1.3. Executiemaatregelen tegen [echtgenoot appellante] zijn mislukt omdat hij inkomen noch vermogen heeft.
1.4. [echtgenoot appellante] is sinds 14 april 1987 op huwelijkse voorwaarden (van algehele uitsluiting van gemeenschap, met verrekenbeding) gehuwd met [appellante].
1.5. De aan [echtgenoot appellante] toegekende uitkering is op zijn aangeven steeds gestort op rekeningnummer 66.24.02.861. Dit rekeningnummer stond tot in 2005 op naam van [echtgenoot appellante]-[appellante].
1.6. [appellante] heeft in november 2005 een bedrag van € 140.000,-- in depot gestort op de derdengeldrekening van de advocaat van UWV, (mede) ter opheffing van door UWV gelegd conservatoir paulianabeslag ter verzekering van voldoening van de onder 1.2 bedoelde vordering.

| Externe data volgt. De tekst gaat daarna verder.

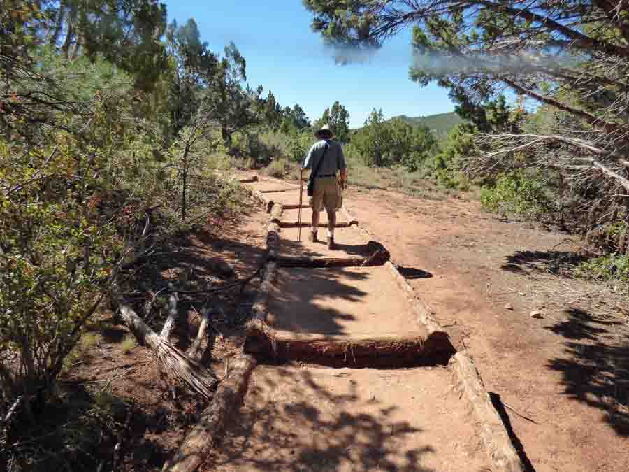The end of the road was only five miles in.  That surprised me as the Kolob Terrace road is so much longer. We took the overlook trail, which was a bit rougher than Andy’s sense of balance likes.  He did very well anyway. This was an easy section, a walkway like I’ve never seen before. It was a series of raised beds made from logs and dirt.  That way, water could run between them and on down the mountain.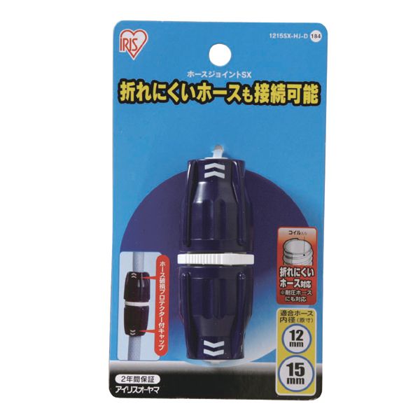ホースジョイントSX 1215SX-HJ-D ホワイト/マリンブルーホースとホースの接続可能。濡れ手でも回しやすく、ホースプロテクター(破裂防止対応)一体型構造のコンパクトデザイン!適合ホース内径Φ12〜15mm、外径20mmまでの折れにくいホース対応の新規格です。●商品サイズ(cm):直径約3.3×高さ約9.2●主要材質:AES樹脂、ABS樹脂、ポリプロピレン、ポリエチレン、NBR●適合サイズ:内径Φ12〜15mm、外径20mmまでの折れにくいホース対応(検索用:ガーデニング用品・散水用品・散水パーツ・ホースリール・連結部品・修理部品・ジョイント・コネクター・接続部品・交換部品・アイリスオーヤマ)

1.7. UWV heeft in eerste aanleg zowel [echtgenoot appellante] als [appellante], handelende onder de naam Elba Enterprices, gedagvaard en betaling gevorderd van het onder 1.2. genoemde bedrag met wettelijke rente vanaf 3 augustus 2005 en veroordeling in de proceskosten, primair van zowel [echtgenoot appellante] en [appellante] na vernietigingen van hun paulianeuze rechtshandelingen, subsidiair, na wijziging van eis, van alleen [appellante] uit hoofde van onverschuldigde betaling.
1.8. Bij vonnis van 2 juli 2008 heeft de rechtbank de vordering op de primaire grondslag afgewezen en op de subsidiaire grondslag toegewezen tegen [appellante].
1.9. [appellante] is van dat vonnis in hoger beroep gekomen. Bij arrest van 13 oktober 2009 heeft dit hof het bestreden vonnis vernietigd voor zover [appellante] daarbij is veroordeeld tot betaling van wettelijke rente vanaf 3 augustus 2005 en bepaald dat [appellante] in plaats daarvan wettelijke rente verschuldigd is vanaf 31 juli 2007, het bestreden vonnis voor het overige bekrachtigd en ieder van partijen belast met de eigen kosten in hoger beroep.
1.10. Zowel in de onder 1.6. genoemde beslagkwestie als in de daarop volgende incassoprocedure van UWV in eerste en in tweede aanleg is [appellante] bijgestaan door [geïntimeerde].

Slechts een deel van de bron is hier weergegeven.